A l'heure où les sites de rencontres sont légion, où on se délecte des anecdotes croustillantes de nos proches, où on en fournit soi-même volontiers pour rythmer les soirées et gagner le prix du meilleur gossip (l'équivalent d'un +8 voire d'un +12 au Uno pour les plus mesquins).
A l'heure où le ghosting se répand plus vite que les punaises de lit quand les médias n'ont plus de sujets polémiques à matraquer à outrance et où on ne compte plus les affaires glauques sous fond de violence parfois banalisée, il est un documentaire qui essaie d'apporter quelques réponses ou du moins de s'arrêter pendant 1 heure 30 sur la question de l'usurpation d'identité.
Qu'est-ce qui pousse un homme à partager sa vie entre plusieurs femmes, à mentir avec une assiduité folle, à s'inventer des enfances, des métiers, des comportements multiples, des amis imaginaires, des familles, des drames et des passions ?
Et ces femmes toutes victimes de ce même homme, qu'ont-elles en commun ? Ont-elles un type ? Sont-elles son type ? Est-ce le fruit du hasard ?
Doit-on éprouver de la pitié, de la frustration, de l'indifférence ou de la haine ? Qu'aurions-nous fait à leur place ? Nous serions-nous laissés berner, comme elles, qui n'ont pourtant pas l'air plus naïves que d'autres ?
Ce qui fascine dans ce documentaire, c'est de voir jusqu'où s'étend le mensonge, à quel point il est profondément ancré chez ce Ricardo. Le mensonge fait partie intégrante de sa vie, la manipulation également, mais qu'y a-t-il derrière les masques ?
Ce film m'a plu, pourtant, sur le papier, rien de nouveau à l'horizon.
On a tous entendu des histoires de personnes menant une double vie, on a tous un.e ami.e ou un.e ami.e d'ami.e qui nous a raconté comment Untel a menti sur sa taille en se rajoutant 3 centimètres/sur son âge en se faisant grâce de 5, 8 ou 10 ans/sur sa situation familiale en omettant qu'il (généralement) avait un, deux ou trois enfants.
Alors, me direz-vous, pourquoi aller voir L'Homme aux mille visages film alors que Nadine de la compta ou Jocelyne de la médiathèque du quartier voisin ont sans doute raconté à peu près la même histoire à la machine à café à la pause de 10h30 il y a 4 mois ? Tout simplement parce que...
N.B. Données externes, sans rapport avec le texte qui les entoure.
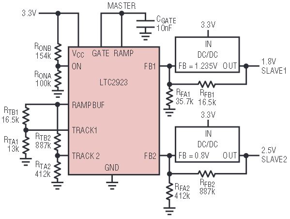 Power supply tracking is straightforward with the LTC2923. It controls two slave supplies that track a master signal. A pair of resistors configures the behavior of each slave supply relative to the master signal. The choice of resistors can cause a slave supply to track the master signal exactly or with a different ramp rate, voltage offset, time delay, or combination of these.
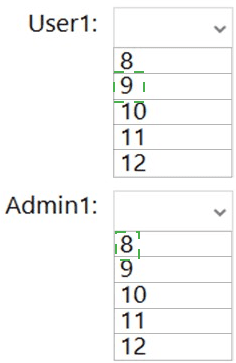 What is the effective minimum password length for User1 and Admin1? To answer, select the appropriate options in the answer area.
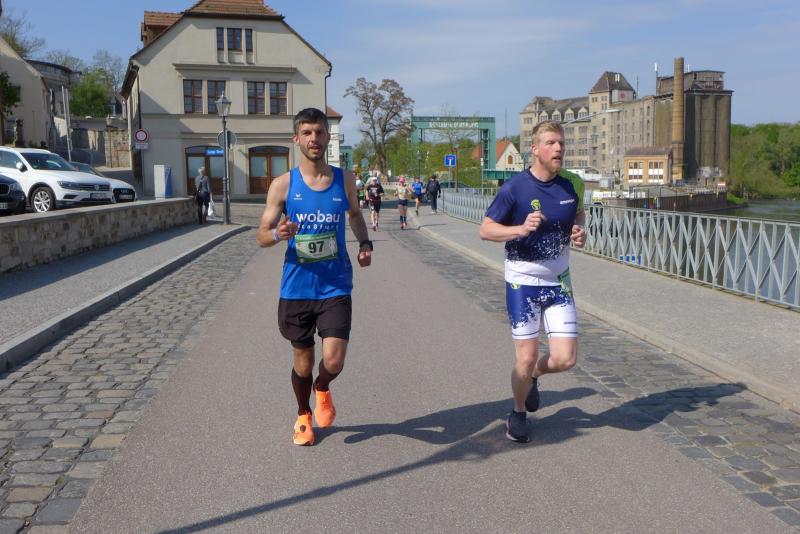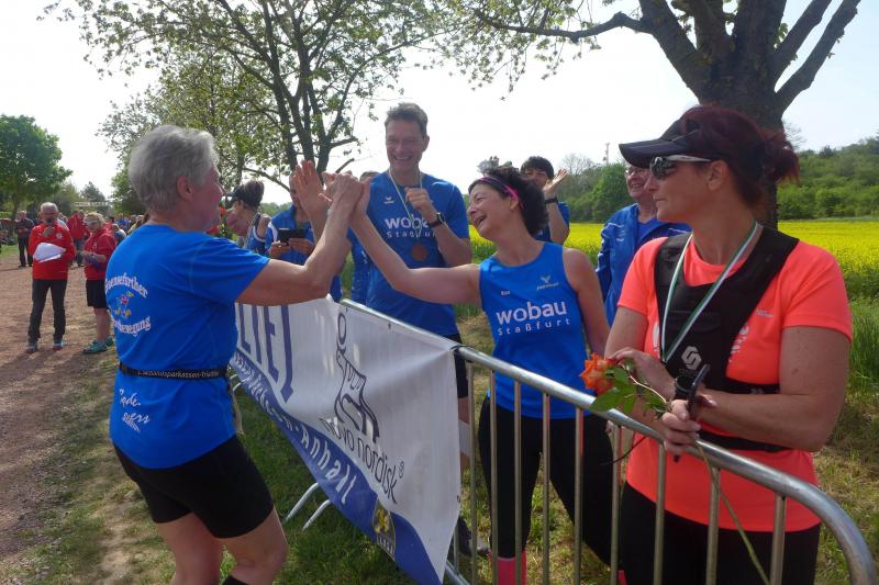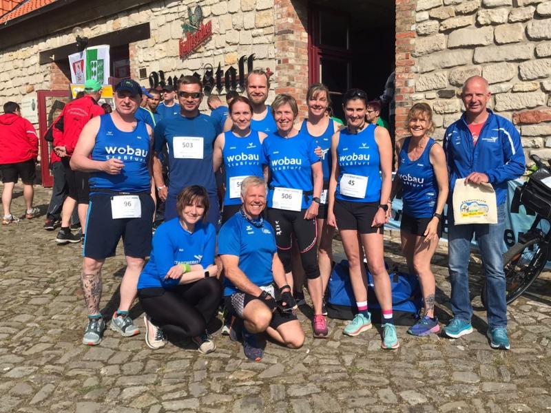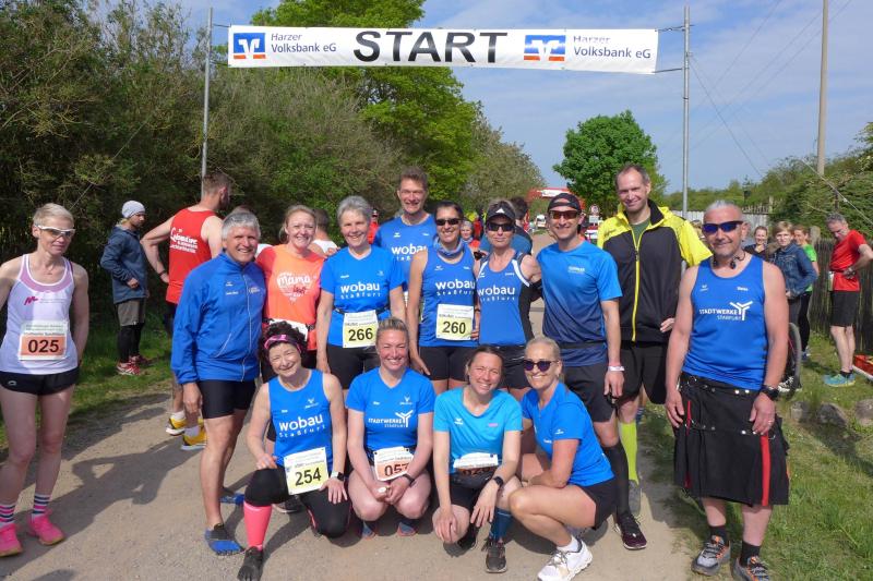 Bereits am nächsten Tag waren die Gaensefurther wieder mal beim befreundeten PSV Bernburg zu Gast. Dieser hatte zum 5. Bernburger Halbmarathon geladen, der zudem in die Wertung für den Solvay Cup einging. Mit Triathlet Maik Löwe, Josef Hindricks, Rinaldo Schielke, Sandra Homann, Edgar Schmidtke, Katrin Winkler-Hindricks, Heike Lenz, Jens-Uwe Börner, Verena Hildebrandt, Peter Brauer, Petra Becker und Jürgen Günther schickten die Bode-Runners ein zwölfköpfiges Aufgebot in die Kreisstadt. Dort konnten Strecken über zwölf beziehungsweise 21,1 Kilometer absolviert werden. Besonders Schielke ging dabei wieder fleißig auf Punktejagd und wurde in 1:36:49 Stunden über die Halbmarathon-Distanz Gesamtzwölfter und Dritter seiner Altersklasse M30. Am Streckenrand gab es zudem das eine oder andere bekannte Gesicht zu sehen, denn die Streckenposten vom PSV Bernburg waren für die Bode-Runners natürlich keine Unbekannten.
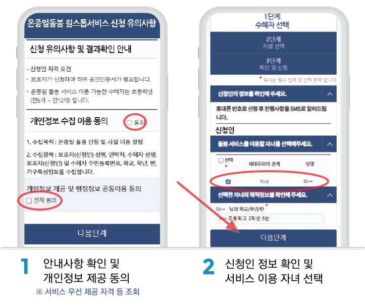안내사항을 확인하고 개인정보 제공에 동의를 누르시고 신청인 정보를 확인하고 자녀의 이름과 학교 학년과 반을 확인한 후 "다음단계"를 누릅니다.
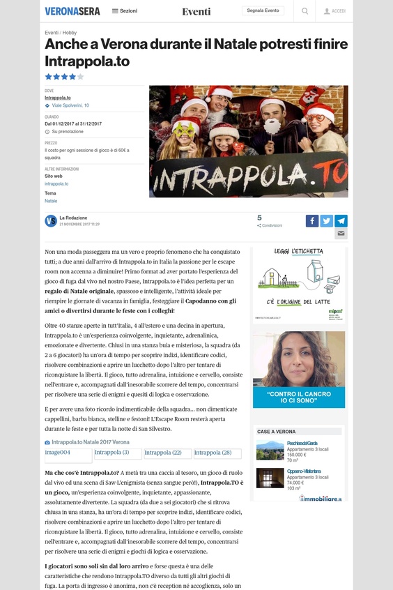 { "@context": "http://schema.org", "@type": "Organization", "url": "https://www.intrappola.to", "logo": "https://www.intrappola.to/assets/img/intrappolato_quadrato.jpq" , "contactPoint": [ { "@type": "ContactPoint", "telephone": "+393347733737", "contactType": "customer service" } ] }
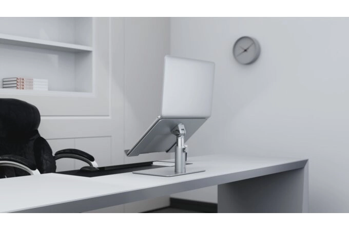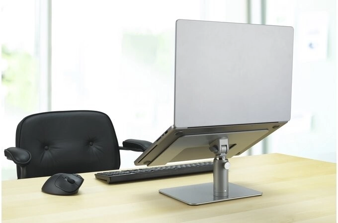 Uniwersalna podstawka pod laptopa pomaga unieść ekran do wysokości oczu i uzyskać naturalną pozycję ciała. Dzięki solidnemu połączeniu stali i aluminium jest wyjątkowo stabilna, a otwarta konstrukcja poprawia przepływ powietrza i wydajność urządzenia.
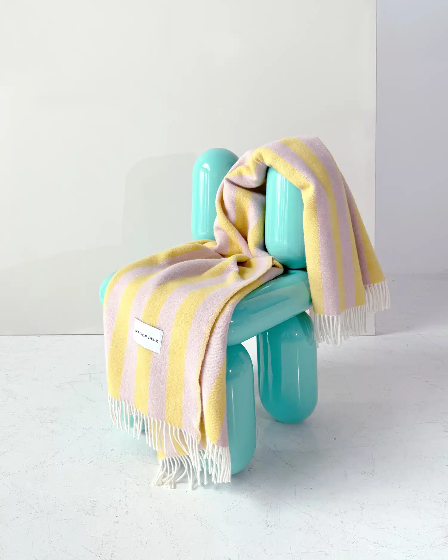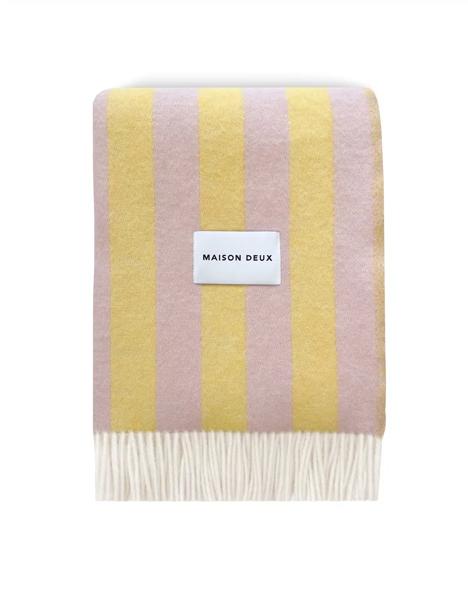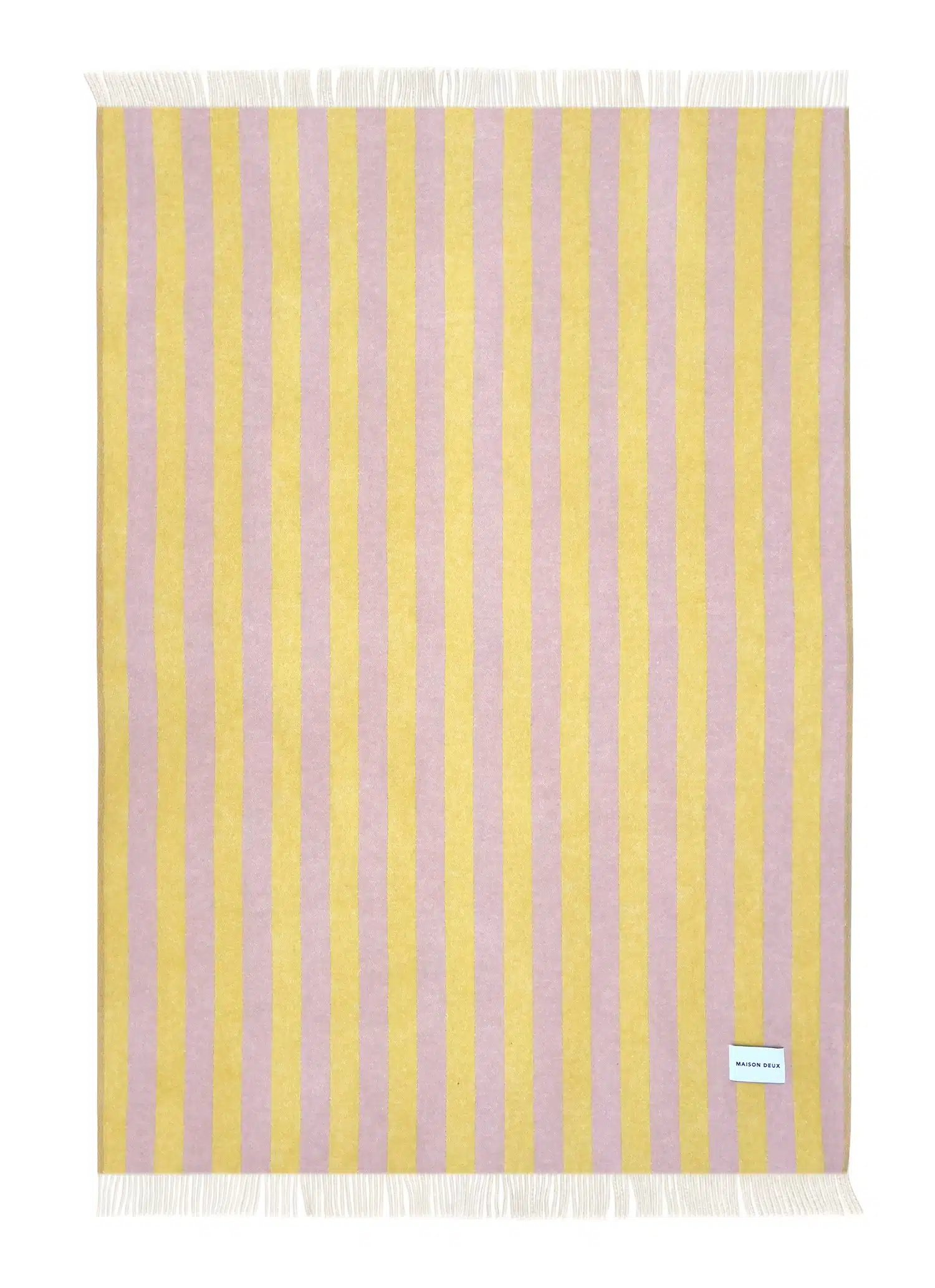 Het Candy Wrap Plaid Geel Roze is jacquard geweven van 100% Nieuw-Zeelandse wol met franjes aan de korte zijden. Een dikke wollen deken met een omgekeerde print aan de achterzijde.
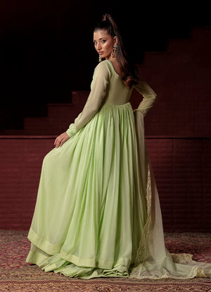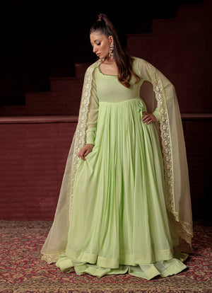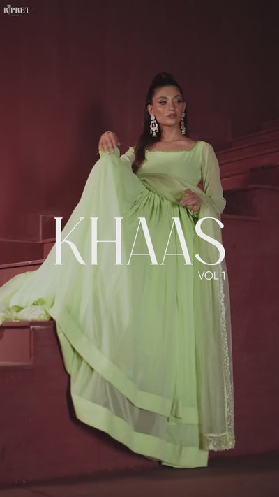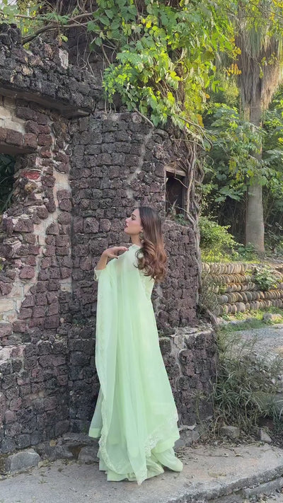 This Flowy set features a crinkle chiffon frock with a remarkable two-tier design that creates an incredible 350+ inches of flare, made with over 20 yards of fabric. The neckline is detailed with crystal laces. Fully lined with Malayi fabric for comfort, this frock offers a voluminous and graceful silhouette. Paired with a soft organza dupatta, featuring a four-sided lace border, this ensemble is perfect for a sophisticated and flowing look.
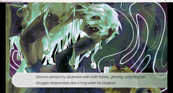 - Cannibalism X superpowers X Suspense X Original worldview - "Fried Chicken Wings Cause a Love Fire" is a BL mystery comedy long visual novel. It uses the first-person perspective with a fixed protagonist, Aris; contains elements of horror and sexual innuendo.

Cette fois, c'est nous (à travers le regard de la réalisatrice) qui sommes en embuscade, tuyau d'arrosage à la main et qui nous apprêtons à arroser l'arroseur, à la fin.
C'est un peu manichéen, un peu binaire peut-être, mais c'est un plaisir sadique qu'on s'autorise en se riant de ce "sociopathe" en se disant que ces femmes ont le droit à cette petite vengeance. Vous ne pensez pas ?
Au jeu du shérif et du bandit mythomane, il faut bien que ce dernier se fasse tôt ou tard rattraper par ses mensonges.
On pense au début passer un moment léger en mangeant du pop corn jusqu'à voir ledit Ricardo en action, petits sadiques que nous sommes, mais très vite, on se surprend à vouloir que quelque chose se passe réellement.
A mesure que le fil se déroule, on se rend compte que les femmes qui sont tombées dans son piège bien rodé n'ont pas grand-chose en commun, que ce soit en termes de physique, de mode ou de lieu de vie, de travail. Certaines sont psychologues, d'autres sont issues d'un milieu modeste et toutes ont eu droit à une version différente de notre arnaqueur. Alors qu'ont-elles vu en lui ? Et surtout, comment s'en est-il sorti jusque-là ?
Aller voir L'Homme aux mille visages, c'est soutenir cette enquête personnelle menée par Sonia Kronlund. J'irai même plus loin, c'est carrément un acte féministe et un gros doigt d'honneur placé devant le visage de cet homme à qui on fait la nique en choeur.
Il est difficile de juger le format documentaire car il ne laisse généralement que peu de place à la créativité, mais L'Homme aux mille visages connaît son sujet et en joue. Il se sert de quelques effets pour dédramatiser, tourner en ridicule.
On traite d'un thème important et on est en empathie avec ces femmes qui nous livrent cette histoire, ça on le sait bien, mais cela n'empêche pas de (sou)rire à plusieurs moments. Attention, on ne rit jamais avec lui, nope, on rit de lui.
Il ne s'agit pas d'un film à charge, mais on sait de quel côté on se trouve et heureusement. Une malice bienvenue se dégage de ce film et quand arrive le dernier acte, s'il était un regret, ce serait celui que la réalisatrice ne soit pas allée encore plus loin.